**ASSIGNMENT:**
Every picture stays out; everything else in the listing below is to be returned exactly.

**DATASET SECTION:**
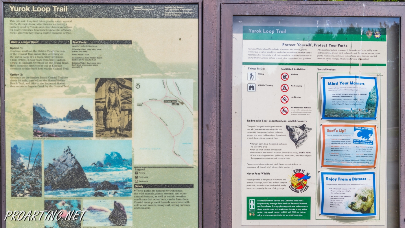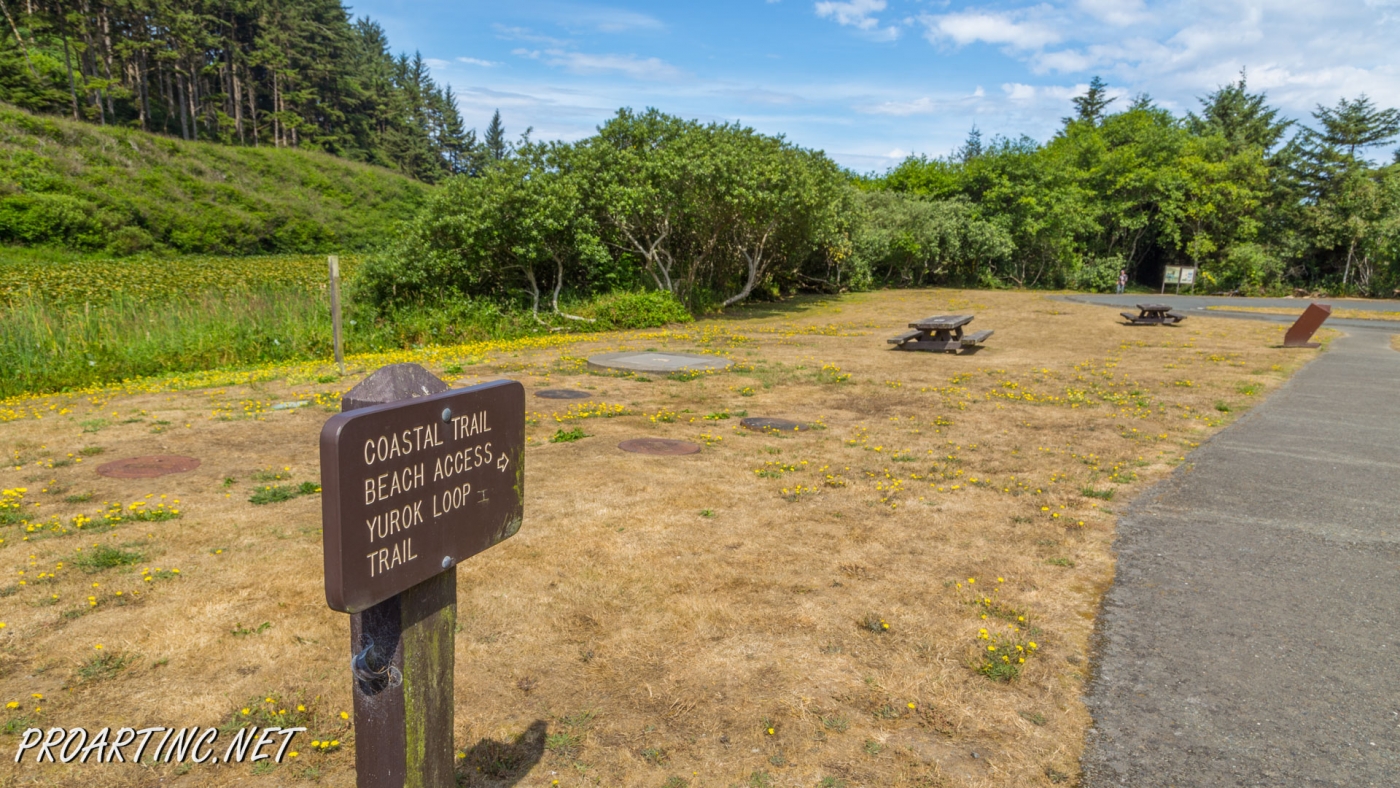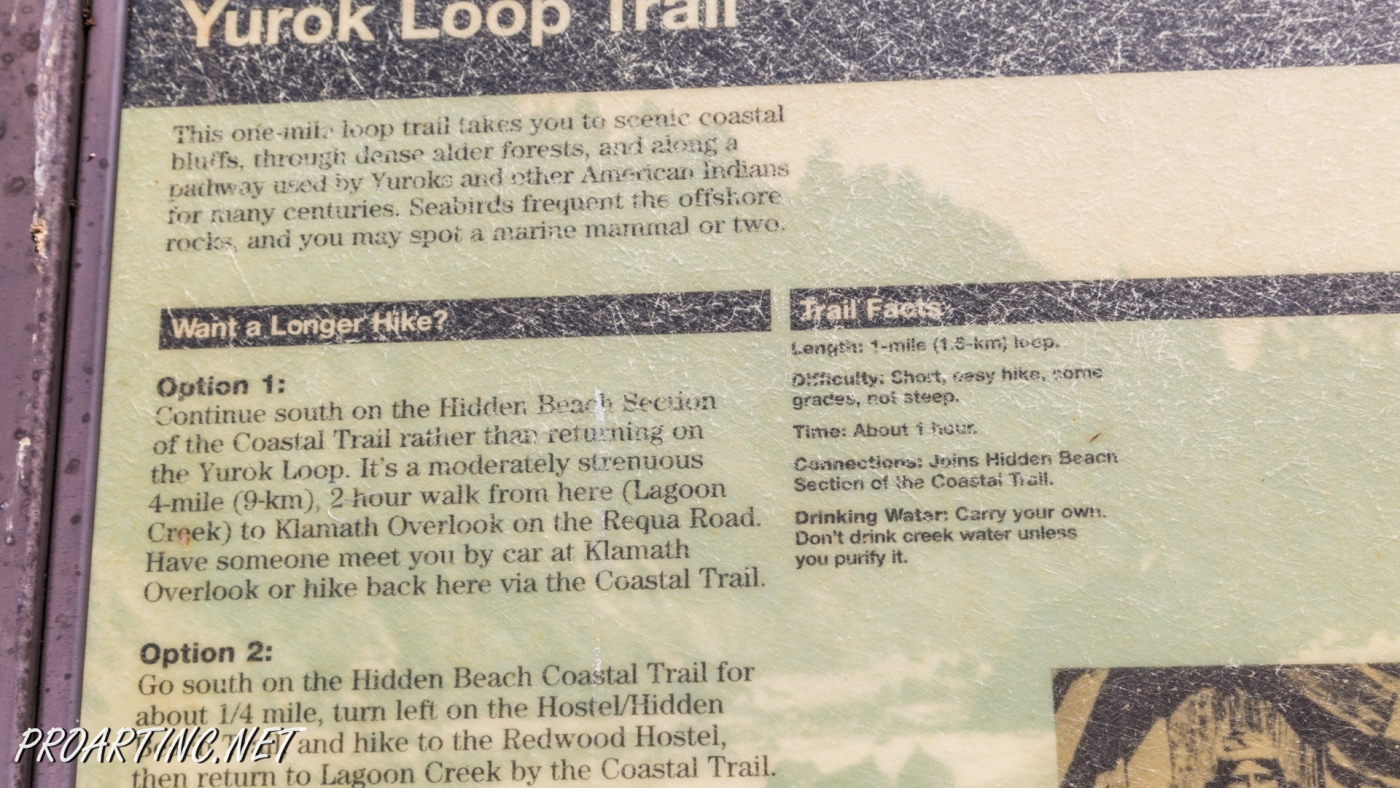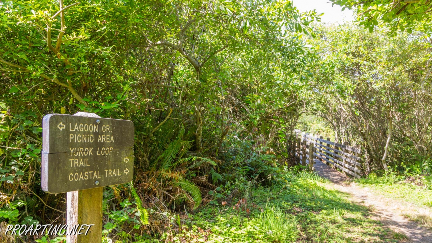 The best way to start hiking the Hidden Beach Section of the Coastal Trail is from the Lagoon Creek parking area. The parking lot is overlooking a nice Lagoon Pond the surface of which is half covered by water lilies. This parking area (also known as Lagoon Creek Picnic Area) has restrooms, picnic tables and information stands, providing the visitors with some data about the Yurok Loop Trail, which will be the beginning of the hike.
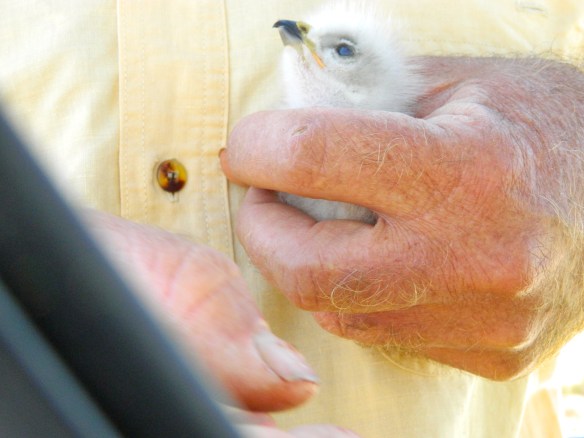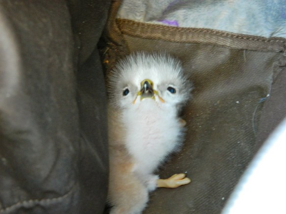 Peering out for the first time from the bag that Joseph put him into when retrieved from the nest….. Image Reply
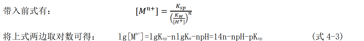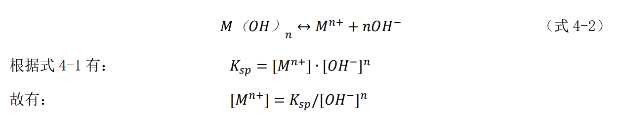 以Mn+表示金属离子,则其氢氧化物的溶解平衡如式4-2所示。
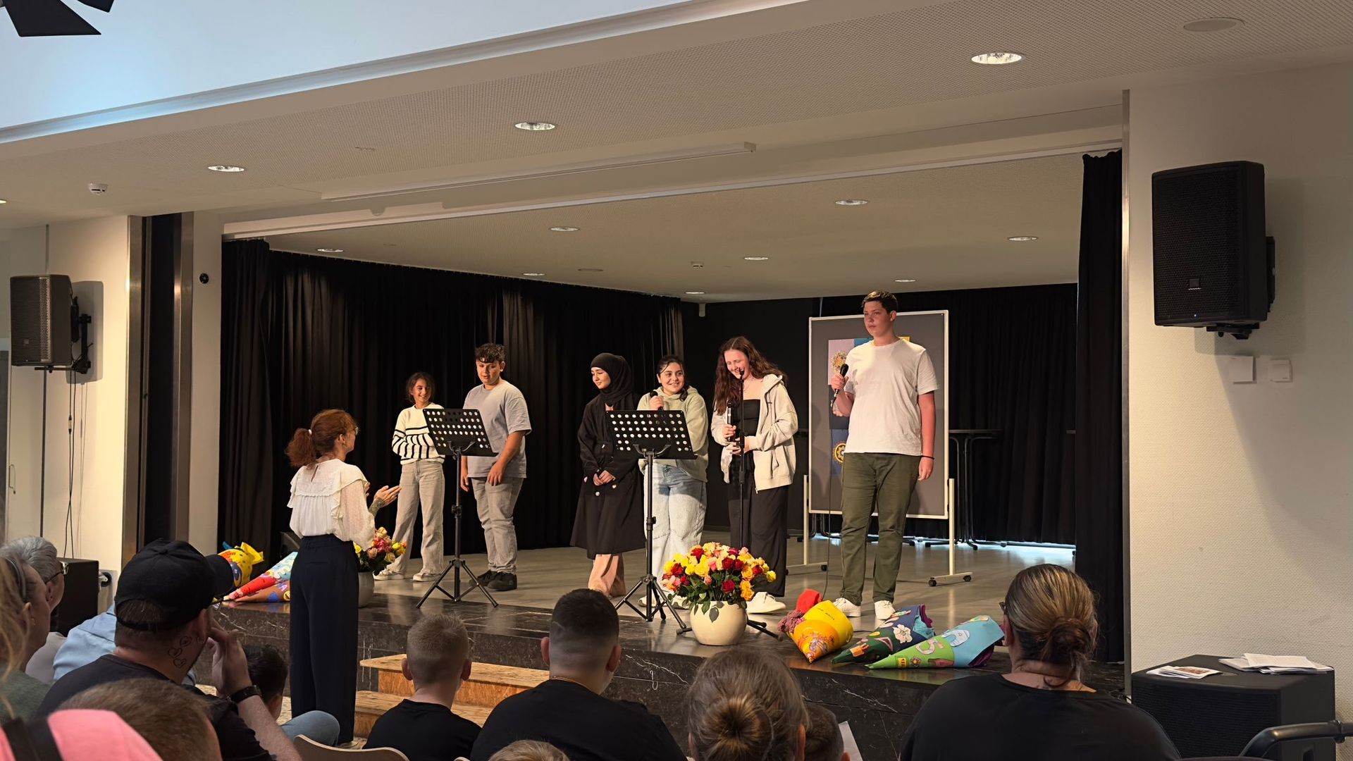Am 04.07.2025 trafen sich in der stilvoll geschmückten Aula die toll herausgeputzten Schülerinnen und Schüler der KuGesa samt Begleitung. Herr Klein und natürlich alle Begleiterinnen und Begleiter, sowohl aus dem privaten als auch dem schulischen Kontext, sind enorm stolz auf das, was dieser Jahrgang – unser erster, der in Mausbauch auch eingeschult worden ist - geschafft hat! Was ist aus euch geworden! Tolle junge Menschen mit vielfältigen Begabungen! Diese für sich selbst und auch für die Gesellschaft zu nutzen, dazu ermunterte der Ehrengast Bürgermeister Patrick Haas. In ihrem Video krönten die Schülerinnen und Schüler die Lehrerinnen und Lehrer: die Liebste, der Coolste und der Kollege mit der fragwürdigsten Tafelschrift. Natürlich blieb Selbiges auf Seiten der Klassenleitung nicht verborgen. Diese offenbarten, wer am häufigsten zu spät kam und am meisten nervte und dennoch endete das Video der Klassenleitungen mit guten Wünschen für alle.

**EXERCISE ANSWER:**
 The best way to start hiking the Hidden Beach Section of the Coastal Trail is from the Lagoon Creek parking area. The parking lot is overlooking a nice Lagoon Pond the surface of which is half covered by water lilies. This parking area (also known as Lagoon Creek Picnic Area) has restrooms, picnic tables and information stands, providing the visitors with some data about the Yurok Loop Trail, which will be the beginning of the hike.
 Peering out for the first time from the bag that Joseph put him into when retrieved from the nest….. Image Reply
 以Mn+表示金属离子,则其氢氧化物的溶解平衡如式4-2所示。
Am 04.07.2025 trafen sich in der stilvoll geschmückten Aula die toll herausgeputzten Schülerinnen und Schüler der KuGesa samt Begleitung. Herr Klein und natürlich alle Begleiterinnen und Begleiter, sowohl aus dem privaten als auch dem schulischen Kontext, sind enorm stolz auf das, was dieser Jahrgang – unser erster, der in Mausbauch auch eingeschult worden ist - geschafft hat! Was ist aus euch geworden! Tolle junge Menschen mit vielfältigen Begabungen! Diese für sich selbst und auch für die Gesellschaft zu nutzen, dazu ermunterte der Ehrengast Bürgermeister Patrick Haas. In ihrem Video krönten die Schülerinnen und Schüler die Lehrerinnen und Lehrer: die Liebste, der Coolste und der Kollege mit der fragwürdigsten Tafelschrift. Natürlich blieb Selbiges auf Seiten der Klassenleitung nicht verborgen. Diese offenbarten, wer am häufigsten zu spät kam und am meisten nervte und dennoch endete das Video der Klassenleitungen mit guten Wünschen für alle.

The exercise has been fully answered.